Security and Business Continuity
An IT organization should be prepared to handle and possibly prevent security incidents as well as be able to respond to disasters that cause interruption to the business’s critical services.  Although it’s impossible to anticipate and be prepared for all types of harmful events it’s a good idea to cover as many bases as possible. The cost of not being prepared is simply too high and although these types of events are rare it only takes one to wipe out a business or cause major financial damage. There are different strategies and solutions to address these issues and some of them carry a hefty price tag. I will talk about some affordable solutions that there is no excuse to ignore.

1.      The enemy on the inside
It’s important to keep sensitive internal information away from prying eyes and from being leaked outside the company. The key is to have defined guidelines on what resources different users have access to and having the tools to monitor and enforce them.

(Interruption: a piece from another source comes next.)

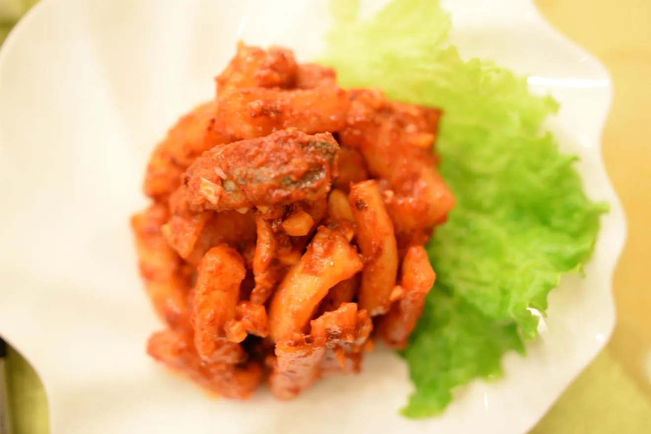 こちらも平壌海棠花(東大橋)の料理。本当はスケソウダラ(明太)の和え物を注文したのだけど、品切れでカジェミならあると言われた。

  • Have a central authentication mechanism like LDAP or Active Directory that enables granular access to resources. This gives advantages of easy administration, auditing, and ability to disable access quickly to all resources.
  • Keep auditing in mind by retaining access logs, access records and enabling auditing capability in your software and devices. Good auditing capability makes investigation and prevention of security incidents possible.
  • Monitor unauthorized access and suspicious activity on your systems by using various commercial and open-source tools. Automatic alerts of security events can provide early detection and prevention.
  • Implement a solid antivirus and malware detection and removal system on all systems
  • Enforce regular password changes, discourage password sharing, and educate users to be security minded.
  • Learn from your mistakes by taking preventative action and make sure similar security events don’t reoccur.

2.      Are the bad guys out to get us?
Being paranoid about security can take away focus from other important IT tasks, but ignoring it altogether can be naive. There is a good chance that your network has recently been scanned for vulnerabilities by hackers or one of your systems may have been compromised while you know nothing about it. It’s unlikely that your business will be singled out and personally targeted by hackers, but it’s likely that one of the thousands of running hacking scripts will gain sensitive company information or access to your systems. This information may then be given or sold to someone that will send out spam or compromise other systems using your hardware. A successful security breach can disable your mission critical systems, cause leaks of sensitive data, and put your business in a position of being liable for damages caused to your customers. I will talk about some good practices that can help protect your business from external security threats.

  • Design and maintain a secure network as it is your first line of defense and you must make it as impenetrable as possible.
  • Limit access using a firewall and allow access to only necessary internal services. You can also make sure the systems that are accessible from the outside are in an isolated DMZ.
  • Avoid using insecure protocols like FTP, HTTP, POP3 and others to transmit passwords.
  • Have a change control system to monitor all firewall changes.
  • Enforce strong passwords and regular password changes.
  • Implement one of the open-source or commercial intrusion detection systems.
  • Isolate wireless networks from the rest and utilize the highest level of encryption
  • Implement a solid antivirus and malware detection and removal system on all systems
  • Perform regular security audits on your own environment to find vulnerabilities or hire an outside party to do the audit.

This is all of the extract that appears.